I already eliminated those 3 and i'm stuck now.Need to know how to procede
Kent
 
Posts: 98
Joined: 28 February 2006

Postby tso » Sat Mar 11, 2006 7:38 pm

Kent wrote:Need help.

1)I tried forcing chain.Can i deduce like this : r1c4=3->r2c4=5-> r3c6=2->r3c7=5->r2c9=3->r1c9=2 and therefore r1c4=3.So r1c4=3.Can i deduce like this??




You cannot discuss forcing chains and x-wings without first posting a candidate grid. There's no way of knowing that we're all looking at the same position.

You've posted 50 times already in less than two weeks. It's time you learned how to consistantly post legible candidate grids. PLEASE read the instructions here. PLEASE click PREVIEW before SUBMIT to make sure your diagrams are legible.
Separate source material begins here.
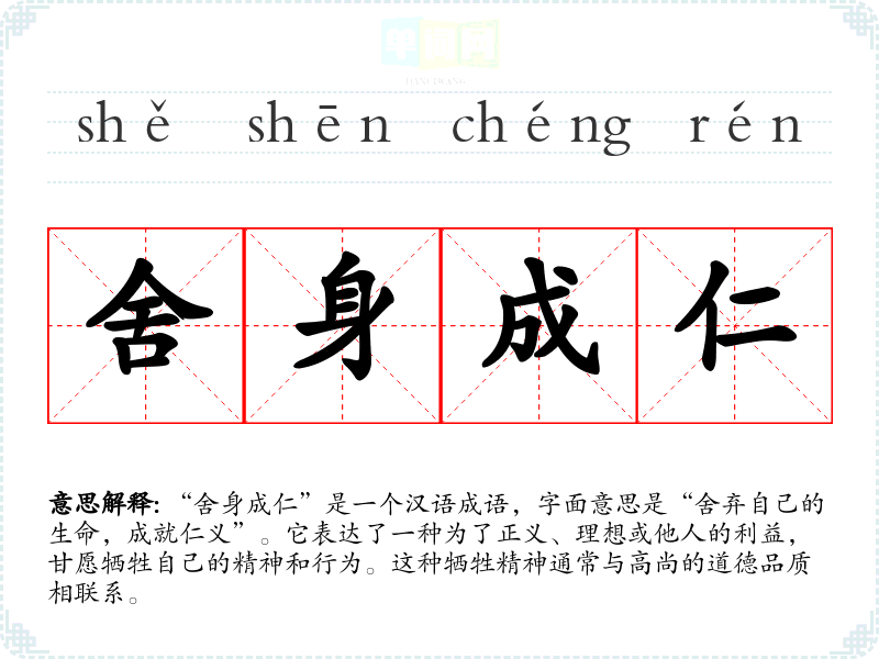 “舍身成仁”是一个汉语成语,字面意思是“舍弃自己的生命,成就仁义”。它表达了一种为了正义、理想或他人的利益,甘愿牺牲自己的精神和行为。这种牺牲精神通常与高尚的道德品质相联系。

Make sure DISABLE BBCODE IN THIS POST is NOT checked.


Code: Select all
 5 4 9 | . 8 7 | 6 1 .
 2 7 6 | . 9 1 | 8 4 .
 1 8 3 | 4 6 . | . 9 7
-------+-------+------
 . 6 1 | . 3 . | . 7 9
 . 3 5 | . . 9 | 1 . .
 7 9 2 | . 1 . | . . .
-------+-------+------
 3 2 7 | 1 5 6 | 9 8 4
 9 1 4 | . 2 . | . 5 6
 6 5 8 | 9 . . | . . 1




Code: Select all
 *-----------------------------------------------------------*
 | 5     4     9     | 23    8     7     | 6     1     23    |
 | 2     7     6     | 35    9     1     | 8     4     35    |
 | 1     8     3     | 4     6     25    | 25    9     7     |
 |-------------------+-------------------+-------------------|
 | 48    6     1     | 258   3     25    | 245   7     9     |
 | 48    3     5     | 2678  47    9     | 1     26    28    |
 | 7     9     2     | 568   1     48    | 345   36    58    |
 |-------------------+-------------------+-------------------|
 | 3     2     7     | 1     5     6     | 9     8     4     |
 | 9     1     4     | 78    2     38    | 37    5     6     |
 | 6     5     8     | 9     47    34    | 237   23    1     |
 *-----------------------------------------------------------*


You ask so many questions at once and do not seem to be reading the answers.

To use a forcing chain, ALL possibilites -- not ONE, not SOME -- must lead the the SAME conclusion. You specifically asked this same question before and were told "no".

Consider this:

[12][23]
[14][34]

r1c1=1 -> r2c1=4 -> r2c2=3 -> r1c2=2 -> r1c1=1

From this, you want to conclude that r1c1=1. You cannot. You have followed only ONE of two paths. You have found no contradiction. If we allow this sort of leap, then what do we make of this:

r1c1=2 -> r1c2=3 -> r2c2=4 -> r2c1=1 -> r1c1=2

IF an assumption leads to a contradiction, that assumption can be excluded. If there is no contradiction, there is no deduction. That's basic proof by contradiction.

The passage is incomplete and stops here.